Après une dizaine de minutes de flottement et de négociations en coulisses, les Lions étaient revenus sur le terrain pour terminer le match — qu’ils avaient finalement remporté dans les prolongations. Le jury disciplinaire de la CAF avait dans un premier temps confirmé la victoire sénégalaise, tout en prononçant des sanctions contre les deux sélections pour les incidents survenus lors de la rencontre.


Le limogeage du président de l’organe judiciaire, signe avant-coureur ?

Walfquotidien est le seul à mettre en perspective un élément troublant passé relativement inaperçu : au début du mois de mars, le Djiboutien Acine Othman Robleh, président de l’organe judiciaire de la CAF en poste depuis six ans, a été brutalement limogé. Une décision intervenue peu avant que le jury d’appel ne statue en faveur du Maroc.

Selon le journal, des voix s’étaient élevées au sein du football africain pour fustiger les sanctions initialement infligées au Sénégal, jugées trop indulgentes par le camp marocain qui réclamait la disqualification pure et simple des Lions — et même leur exclusion de la Coupe du monde 2026. « La voie semblait toute balisée pour cette décision ridicule », écrit le journal.
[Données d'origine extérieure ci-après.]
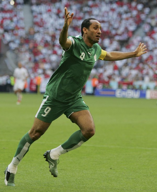 13- سامي بعد تسجيله للهدف الثاني للمنتخب السعودي في كاس العالم 2006 ضد تونس
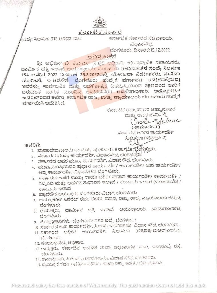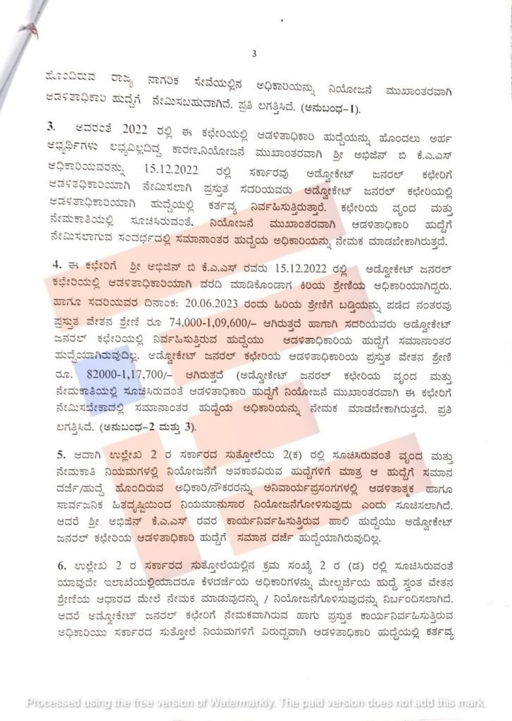 ಅಲ್ಲದೇ ‘ಅಭಿಜಿನ್ ಅವರು ಆಡಳಿತಾಧಿಕಾರಿಯಾಗಿ ನೇಮಕವಾದಾಗ ಕಿರಿಯ ಶ್ರೇಣಿ ಅಧಿಕಾರಿಯಾಗಿದ್ದರು. ಇವರು 2023ರ ಜೂನ್ 20ರಲ್ಲಿ ಹಿರಿಯ ಶ್ರೇಣಿಗೆ ಬಡ್ತಿ ಹೊಂದಿದ್ದಾರೆ. ಇವರ ಪ್ರಸ್ತುತ ವೇತನವು 74,000-1,09,600 ರು. ಇದ.ಎ ಹೀಗಾಗಿ ಅಡ್ವೋಕೇಟ್ ಜನರಲ್ ಕಚೇರಿಯಲ್ಲಿ ನಿರ್ವಹಿಸುತ್ತಿರುವ ಹುದ್ದೆಯ ಆಡಳಿತಾಧಿಕಾರಿ ಹುದ್ದೆಗೆ ಸಮಾನಾಂತರ ಹುದ್ದೆಯಾಗಿರುವುದಿಲ್ಲ.

Motsepe dans le viseur, Lekjaa en embuscade

L’ombre de Faouzi Lekjaa, le puissant président de la Fédération royale marocaine de football et vice-président de la FIFA, plane sur toute cette affaire. Le quotidien L’Info n’hésite pas à mettre en cause directement Patrice Motsepe, président de la CAF : « Pour satisfaire Faouzi Lekjaa, il décrédibilise le football africain et tend vers l’autodestruction. »

Le journal Libération va encore plus loin, expliquant « comment la FSF a été mise devant le fait accompli après une audience virtuelle bâclée pour exécuter une commande » — une accusation extrêmement grave qui suggère que la procédure d’appel aurait été menée sans garantie réelle du respect des droits de la partie sénégalaise.


La FSF saisit le TAS et demande un sursis à exécution

Sur le plan juridique, la Fédération sénégalaise de football ne compte pas en rester là. Selon Sud Quotidien, la FSF a adressé simultanément à la CAF une mise en demeure avant recours et une demande de sursis à exécution de la décision, tout en annonçant sa saisine du Tribunal arbitral du sport (TAS) à Lausanne.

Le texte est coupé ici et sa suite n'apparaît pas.